A team led by Massachusetts General Hospital scientists has developed a new microfluidic tool for quickly and accurately isolating neutrophils -- the most abundant type of white blood cell -- from small blood samples, an accomplishment that could provide information essential to better understanding the immune system's response to traumatic injury. The system, described in a Nature Medicine paper that received advance online release, also can be adapted to isolate almost any type of cell.
"Neutrophils are currently garnering a lot of interest from researchers and clinicians, but collecting and processing them has been a real challenge," says Kenneth Kotz, PhD, of the MGH Center for Engineering in Medicine, lead author of the study. "This tool will allow a new range of studies and diagnostics based on cell-specific genomic and proteomic signatures."

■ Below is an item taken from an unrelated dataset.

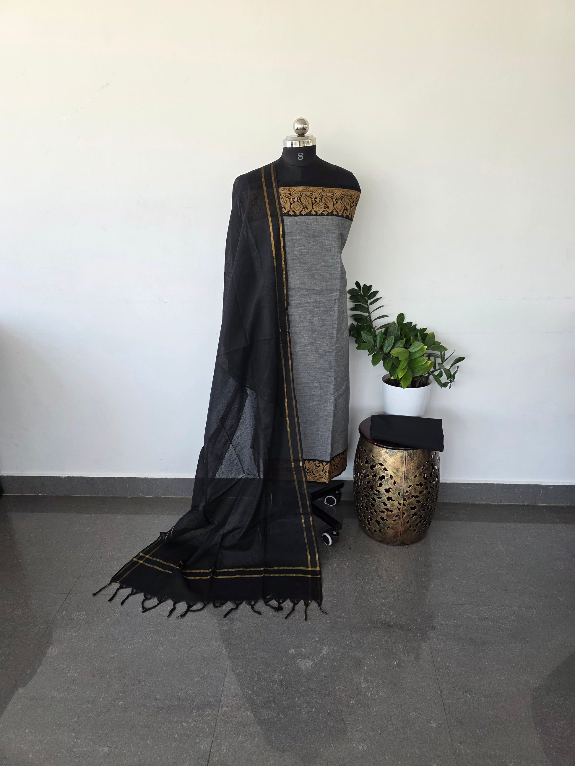 This set features a pure cotton top adorned with a kanchi border, paired with a cotton bottom. The ensemble is completed by a pure cotton shawl embellished with a zari border and finished with tassels.

Part of the body's first-line defense against injury or infection, neutrophils were long thought to play fairly simple roles, such as releasing antimicrobial proteins and ingesting pathogens. But recent studies find their actions to be more complex and critical to both chronic and acute inflammation, particularly the activation of the immune system in response to injury.
Studying patterns of gene expression and protein synthesis in neutrophils could reveal essential information about the immune response, but gathering the cells for analysis has been challenging. Standard isolation procedures take more than two hours and require relatively large blood samples. Neutrophils also are sensitive to handling and easily become activated, changing the molecular patterns of interest, and they contain very small amounts of messenger RNA, which is required for studies of gene expression.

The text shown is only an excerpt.